Choque geopolítico: por qué los mercados eligen activos de protección
Una nueva ronda de tensión en las relaciones entre Washington y Teherán ha provocado una salida abrupta de los inversores de los activos de riesgo. El oro y la plata demuestran una tendencia alcista constante, confirmando su estatus como los principales «refugios seguros» en periodos de inestabilidad global. En medio del intercambio de declaraciones duras y amenazas de fuerza, las cotizaciones de los metales preciosos han alcanzado máximos locales.
El factor de incertidumbre: Irán y la presión de las sanciones
El principal motor del crecimiento ha sido el temor a un conflicto militar directo y posibles interrupciones en el suministro de energía a través del Estrecho de Ormuz. Los inversores institucionales han comenzado una revisión masiva de sus carteras, aumentando su tenencia de metal físico. Históricamente, el oro ha sido el único activo que no conlleva riesgo crediticio y conserva su valor bajo cualquier escenario político.
El oro frente al dólar: ¿quién ganará esta carrera?
En paralelo con la geopolítica, el estado de la moneda estadounidense presiona al mercado. Aunque el dólar se considera tradicionalmente un activo fuerte, los riesgos inflacionarios y la enorme deuda nacional de EE. UU. están obligando a los bancos centrales del mundo a diversificar sus reservas a favor del oro.
Oro: Ha roto niveles de resistencia clave, despejando el camino para un crecimiento a largo plazo.
Plata: Muestra una volatilidad aún mayor, desempeñando el papel de activo protector y componente industrial.
Análisis técnico y pronósticos de expertos
Analistas de los principales bancos de inversión señalan que el repunte actual no es solo una reacción a corto plazo a las noticias. Se está formando una tendencia alcista sostenida, que podría durar hasta que las partes alcancen una solución diplomática.

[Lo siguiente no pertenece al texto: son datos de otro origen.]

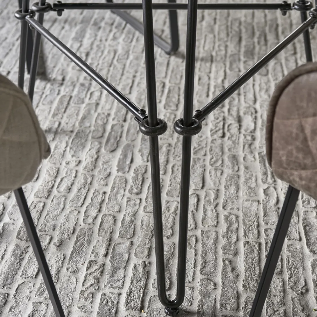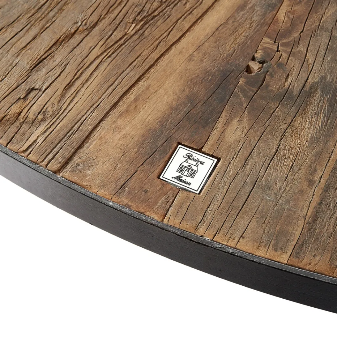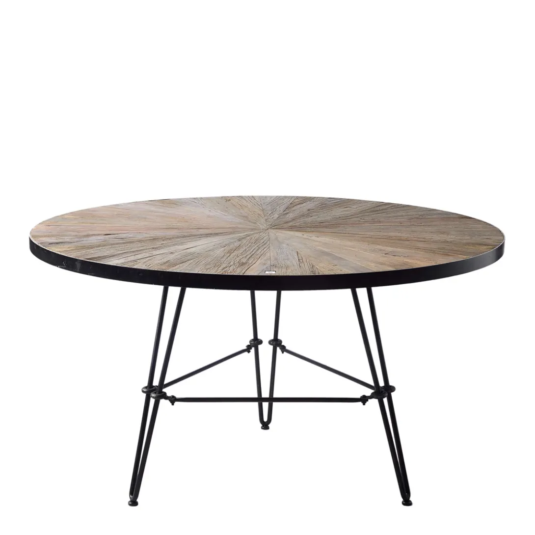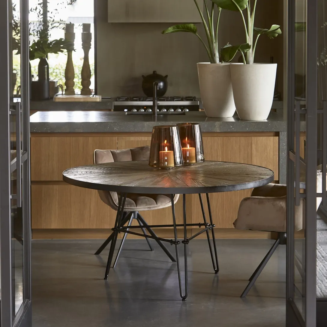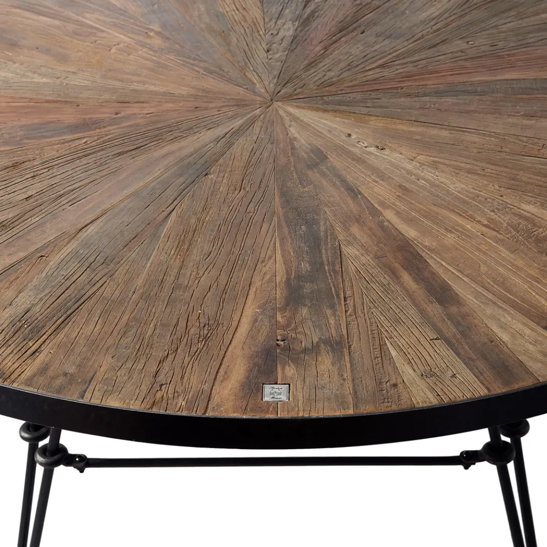 Deze prachtige, ronde dinertafel is een echte eyecatcher in uw eetkamer. De tafel heeft een industriële doch warme uitstraling door de combinatie van metaal en gerecycled iepenhout. Het hout is per puntje met de hand ingelegd als een mozaïek, pure ambacht! Plaats verschillende stoelen om de tafel en laat het samen een mooi geheel vormen.

Si la escalada continúa, el oro podría poner a prueba una marca psicológica que el mercado no ha visto en meses.
Plata: ¿«oro de los pobres» o activo estratégico?
La plata sigue tradicionalmente los movimientos de precios mostrados por el oro, pero con mayor aceleración. En condiciones de un conflicto potencial, la demanda industrial puede pasar temporalmente a un segundo plano frente a la demanda de inversión. La relación actual de precios entre el oro y la plata hace que este último metal sea extremadamente atractivo para comprar para quienes buscan activos infravalorados.
Beneficios para el lector:
Preservación del capital: En tiempos de guerra y sanciones, el oro es el único activo que no puede ser congelado o devaluado por un trazo de pluma.
Diversificación: Incluso una pequeña participación de metales preciosos en una cartera (5–10%) puede reducir significativamente las pérdidas globales durante las caídas del mercado de valores.
Señal del mercado: El fuerte crecimiento que muestra la plata a menudo precede a cambios mayores en la economía global; es una razón para reevaluar sus estrategias a largo plazo.